Q5. What was the classification time for the bagged tree classifier?
When individual hand-crafted features were used to classify the classes, a weighted kNN classifier based on color features required the shortest classification time among all algorithms.
Q6. How does the SVM model separate the training vectors?
Instead of modeling the probability distribution of training vectors, SVM attempts to separate them by directly searching appropriate boundaries between different classes.
Q7. How many seeds were stored in sealed plastic packages?
In the healthy seeds set, 1000 samples from each variety were randomly selected for imaging and stored in sealed plastic packages at room temperature (20 ± 1 C).
Q8. How many samples were misclassified as other classes?
In class 3, nine samples were classified wrongly as other classes and in class 6, there were 11 samples misclassified as other classes.

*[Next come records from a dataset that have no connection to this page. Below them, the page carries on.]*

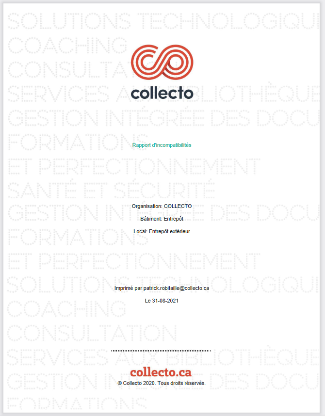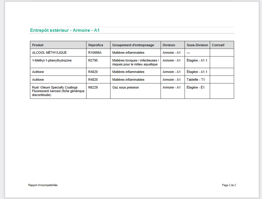 Le rapport d'incompatibilité tient compte des 31 classes de danger du SIMDUT 2015 et regroupe automatiquement les produits dangereux en 14 groupes d’entreposage qui permettent d’éviter les principaux risques d'incompatibilité.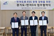 [경기탑뉴스=박봉석 기자] 경기도는 24일 경기도청 북부청사에서 경기남부도로(주), 제삼경인고속도로(주), 일산대교(주) 등 도내 민자도로 사업자 3개사와 ESG(환경·사회·투명) 경영 강화를 위한 업무협약을 체결했다. 지속가능한 도로 환경 조성과 지역사회 공헌활동 활성화를 위해 마련된 이번 협약체결에는 김대순 경기도 행정2부지사와 민자도로 사업자 대표이사가 참석했다. 협약의 주요내용으로는 환경 측면에서 온실가스 배출을 최소화하도록 친환경 시설물․장비 도입에 힘쓰고, 사회적 책임으로는 지역사회 공헌활동과 도로 이용객의 안전․보건 강화를 포함한다. 지배구조 부문으로는 법과 윤리를 준수하고 투명한 기업 운영 체계를 마련하는 데 적극 협력하는 내용을 포함한다. 경기도는 민자사업자의 원활한 ESG 경영을 위해 필요시 적극적으로 행정지원할 예정이며, 협약기관 간 실무협의회를 구성하여 ESG 경영 강화에 대하여 지속적으로 논의할 계획이다. 이번 협약으로 민자도로 수익의 지역사회 환원을 통해 민자도로에 대한 ‘비싼 요금’ 또는 ‘과도한 수익 추구’라는 기존 인식을 전환하고, RE100과 같은 글로벌 환경 목표에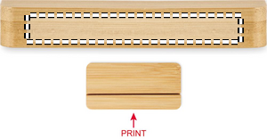 Skylt i aluminium med sublimering och bas av naturlig bambu. Idealisk för anpassad varumärkesprofilering eller display.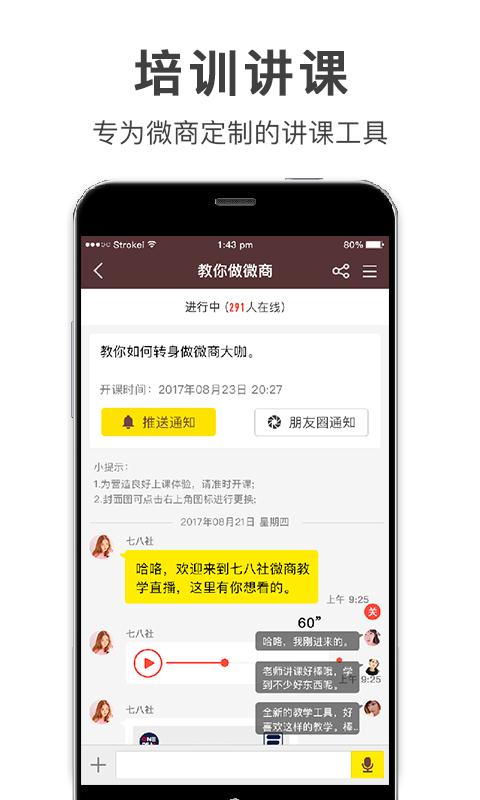 七八社,一个让网红更平民的直播平台,七八社是一个专为微商团队服务的APP,有效地解决微商团队的管理、培训、沟通等问题。提高成员活跃度,打造百万铁军团队。

Q9. Why did the authors present cross-entropy performance and error histogram only for this case?
Because the CNN-ANN configuration had the best performance and accuracy, the authors presented cross-entropy performance and error histogram only for this case (Figs. 4 and 5).

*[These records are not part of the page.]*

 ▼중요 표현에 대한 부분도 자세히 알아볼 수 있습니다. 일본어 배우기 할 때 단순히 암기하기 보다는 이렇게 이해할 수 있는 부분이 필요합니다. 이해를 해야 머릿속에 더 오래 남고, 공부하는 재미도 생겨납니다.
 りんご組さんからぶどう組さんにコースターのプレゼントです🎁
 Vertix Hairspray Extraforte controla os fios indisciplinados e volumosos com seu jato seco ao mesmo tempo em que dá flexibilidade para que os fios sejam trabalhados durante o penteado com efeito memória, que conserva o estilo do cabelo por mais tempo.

Q10. Why was the average accuracy of classification lower than 45%?
The average accuracy of classification based on morphological features was lower than 45% because of the high similarity between morphological features of corn varieties.
Q11. How many misclassifications were found in the cubic SVM model?
An obvious conclusion could be drawn from Fig. 6(b) that in the cubic SVM model based on the fusion of CNN and LBP features it was 99 misclassifications, while for the ANN model trained with CNN features only 42 corn seeds were misclassified.
Q12. How many iterations of the validation set were used?
As visible in Fig. 4, the best validation performance is obtained at a minimum cross-entropy error of 0.0028687 in 165 iterations.